Elderly women, particularly those who are less active, can significantly reduce their risk of falling by taking a daily supplement of vitamin D, according to a new study. However, the supplement does not protect men in the same age group.

Daily supplementation with 700 IU of cholecalciferol and 500 mg of calcium citrate malate reduced the odds of falling by 46% in ambulatory older women and by 65% in less active women, noted Dr. Heike A. Bischoff-Ferrari of University Hospital Zurich, and colleagues.

The supplementation is not only “very inexpensive, well tolerated, and simple” but also has similar or greater benefit than more expensive and time-intensive interventions, added the authors (Arch. Intern. Med. 2006;166:424–30).

The findings are from a secondary analysis of a 3-year double-blind placebo-controlled study that looked at the effect of cholecalciferol-calcium on bone mineral density. Primary results of the study noted a 60% reduction of osteoporotic fractures with the supplement, compared with placebo. The secondary analysis examined the risk of falling during the study period for 199 men and 246 women aged 65 years or older.

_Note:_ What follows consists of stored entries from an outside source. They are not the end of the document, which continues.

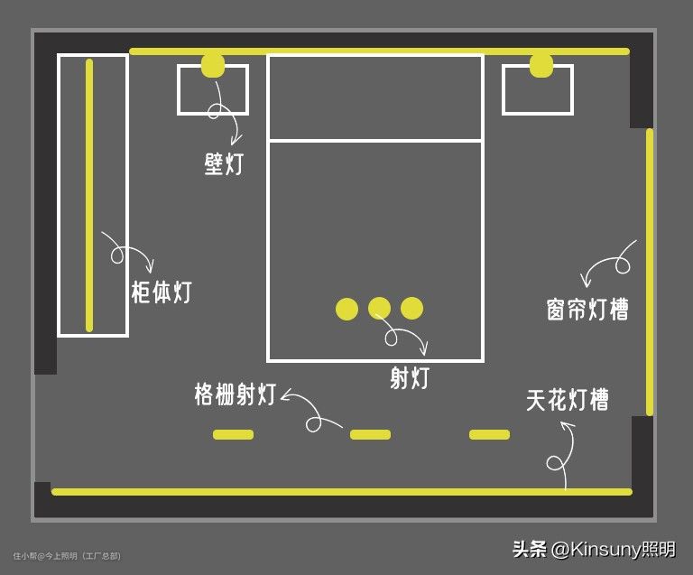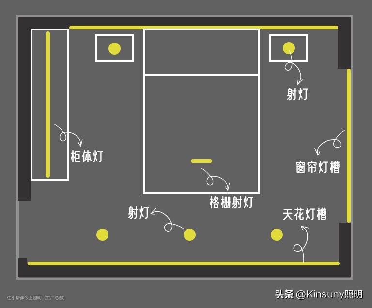 卧室的灯光不需要太亮,满足日常生活所需即可,建议选择色温3000K-3500K的灯具,暖黄的灯光更加温馨,低色温灯光里蓝光成分较少,适合睡眠和休息。卧室的灯光布局需要遵循“哪里需要照”、“怎么照”、“用什么照”的照明设计逻辑,下面有3个灯光布局方案可以参考。
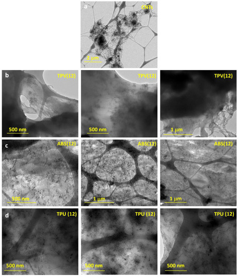 TEM micrographs of samples: (a) CNTs; (b) TPV(12) nanocomposite; (c) ABS(12) nanocomposite; (d) TPU(12) nanocomposite.
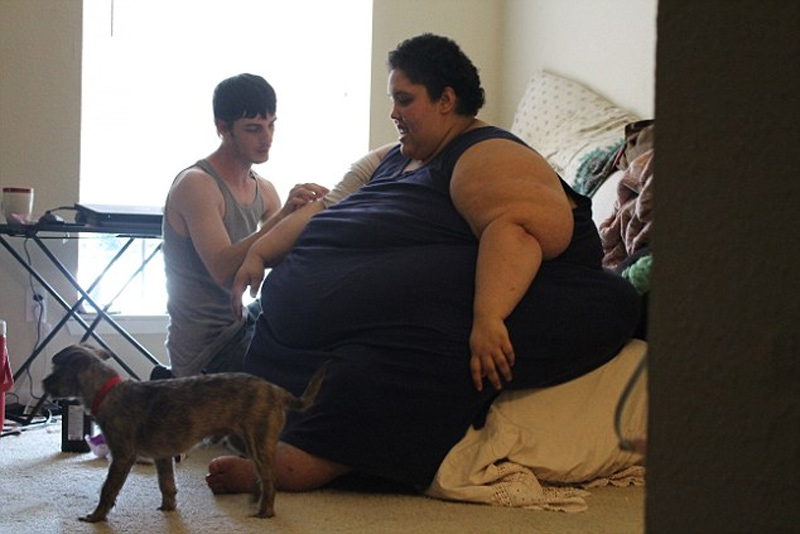 美國(guó)德克薩斯州休斯頓有個(gè)名叫貝蒂的女子體重高達(dá)600斤。造成這個(gè)年僅24歲女人如此肥胖的原因是其飲食習(xí)慣,她酷愛(ài)炸雞和烤肉醬。因體重過(guò)大,這位女子非但無(wú)法出門(mén),就連上廁所、洗澡和吃飯都要丈夫Josh伺候。
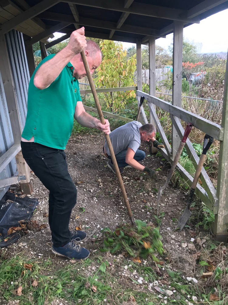 On 29 October a small team from the Craven Vale and Whitehawk Hill Allotments Society committee worked to improve the area under the shelter next to The Hub. The aim was to clear the area and lay gravel in order to make the space more accessible and usable. We were lucky with the weather and very pleased with the result.
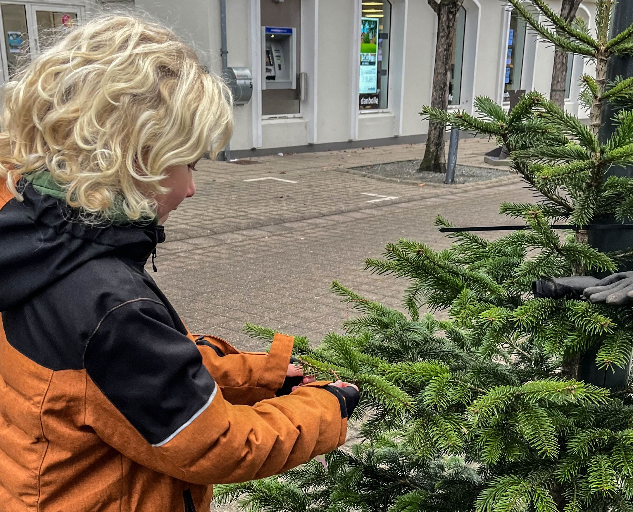Byens træer ser lige nu fantastisk ud og husk når du ser det flotte julepynt: det er et af byens børn der har bidraget til fællesskabet for at løfte byen.
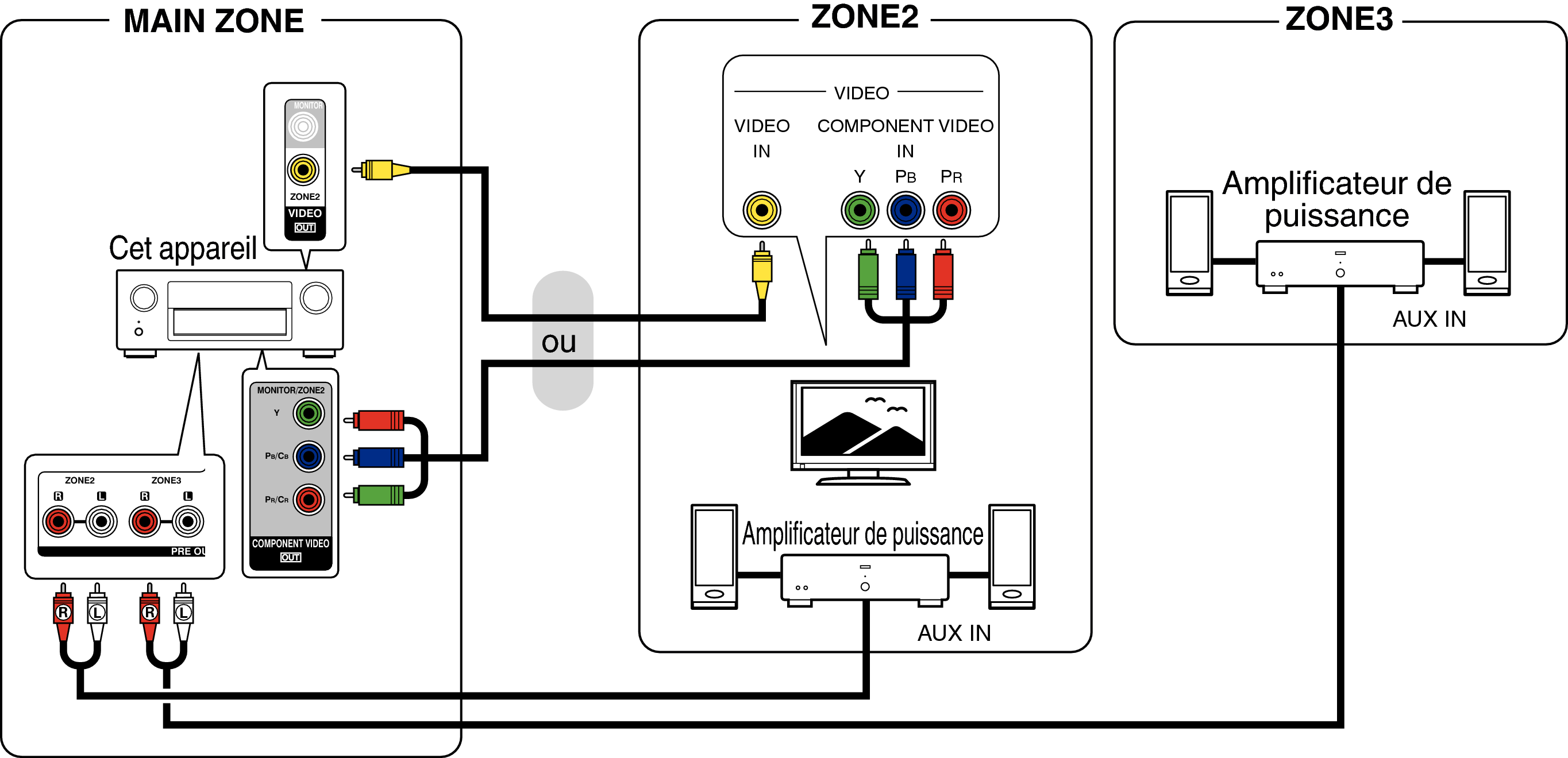 Lorsque “Sortie vid.composantes” dans le menu est défini sur “ZONE2”, la borne de sortie vidéo composante transmet la vidéo de la ZONE2. lien
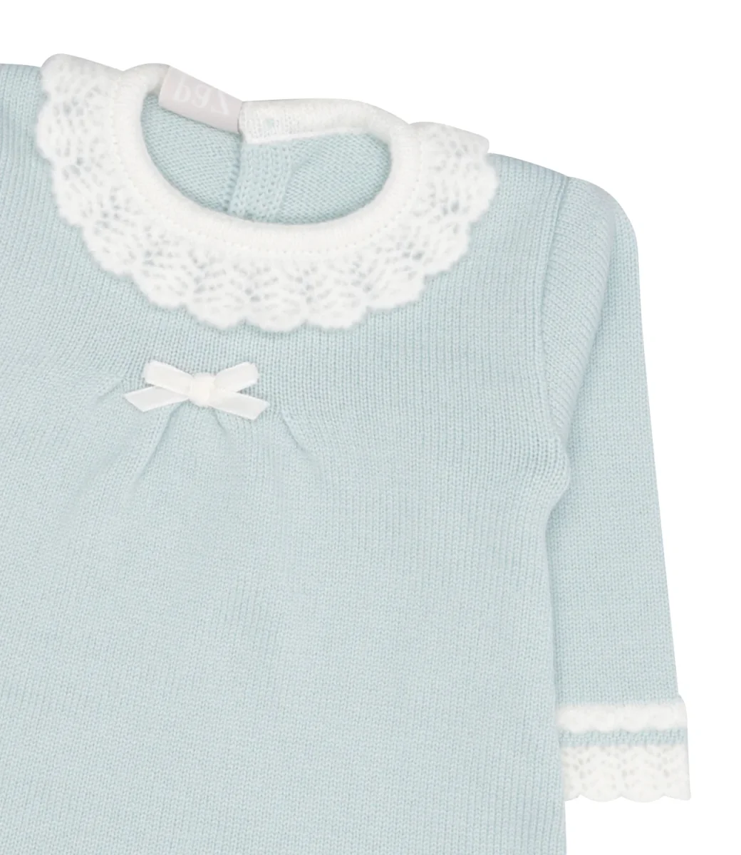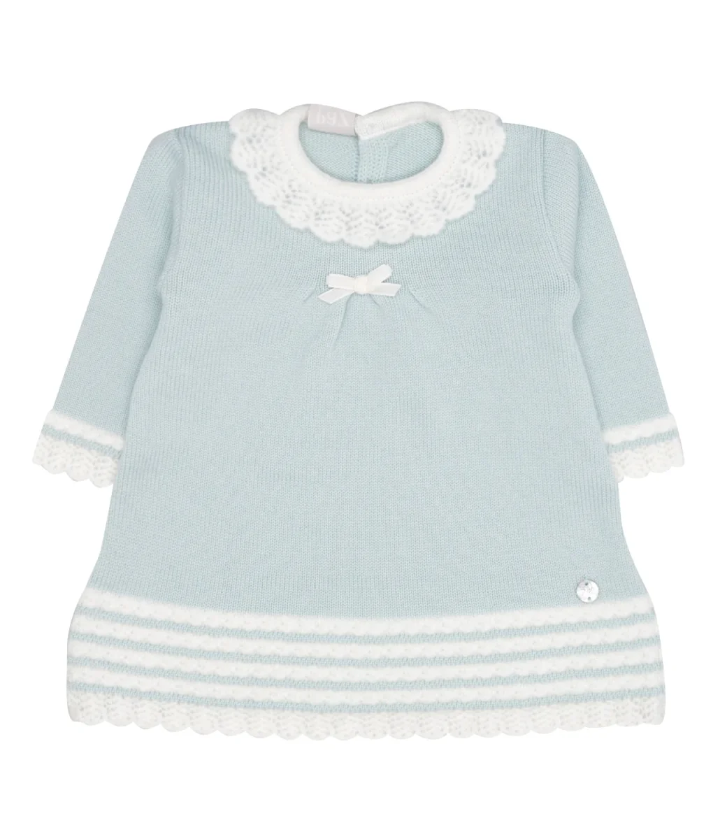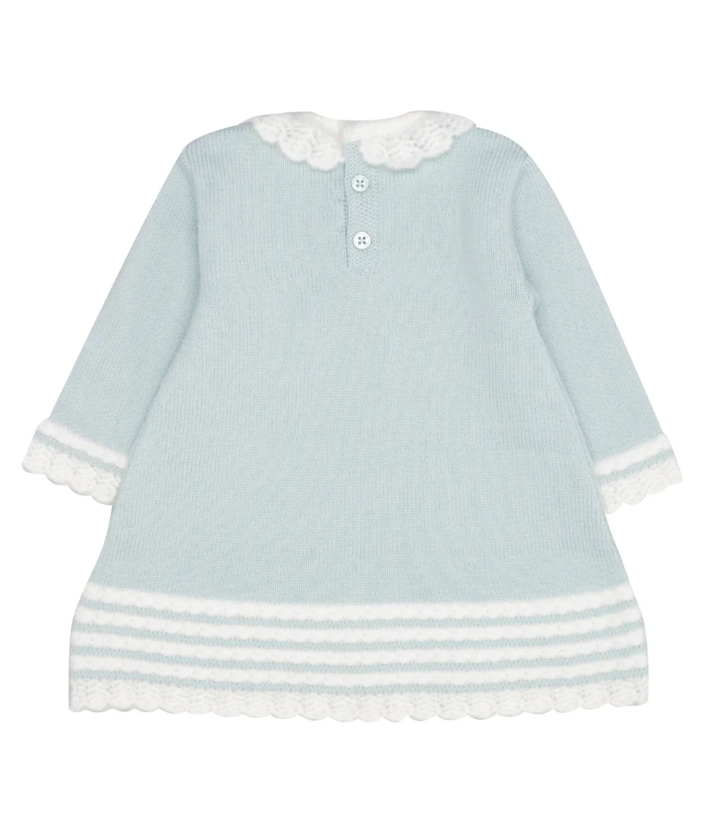 Abito Paz Rodriguez Ruisenor in lana, lavorato con motivo a maglia, colletto volant in maglia di lana ricamata, chiusura con bottoni sul retro, maniche lunghe con polsini decorati con un ricamo, fondo decorato con ricamo e logo applicato sul laterale.

Multivariate analysis controlled for age, gender, baseline body mass index, dietary calcium, baseline plasma 25-hydroxyvitamin D (25-OHD) levels, baseline plasma intact parathyroid hormone levels, activity level, baseline smoking status, baseline alcohol use, baseline comorbid conditions, baseline creatinine clearance and length of follow-up.

Overall, cholecalciferol-calcium supplementation did not significantly reduce the risk of falling compared with placebo, with 49% of men and 55% of women reporting at least one fall during the study period. However, multivariate analysis revealed that, compared with placebo, supplementation significantly reduced the odds of falling in women (odds ratio [OR] 0.54) and particularly in less active women (OR 0.35).

The treatment did not have the same effect on men, however, regardless of whether they were less active (OR 0.96) or more active (OR 1.01).

Baseline levels of 25-OHD, creatinine clearance or parathyroid hormone did not impact the effect of the supplement.

The gender difference in the effect of vitamin D supplementation has not been previously described because generally men have not been included in previous studies, noted the authors. One explanation for this gender difference in treatment effect could be that decreased muscle strength in women, compared with men, makes them more susceptible to falls, the investigators suggested. Vitamin D supplementation increases muscle strength thus protecting against falls.

They noted that length of treatment was another important factor in the study because the benefit of supplementation “increased with time and occurred primarily after 12 months of treatment.” Short-term benefits of supplementation have been noted in other studies, but “may be explained by a combination of older age, increased frailty, and significantly lower baseline 25-OHD levels in their participants,” they observed.

The fact that low baseline levels of 25-OHD did not enhance treatment effects in this study “may be explained by the rather high mean baseline 25-OHD levels observed in our study participants, which is likely owing to vitamin D fortification in dairy products and activity level of our healthy and relatively young community-dwelling older participants,” the investigators noted.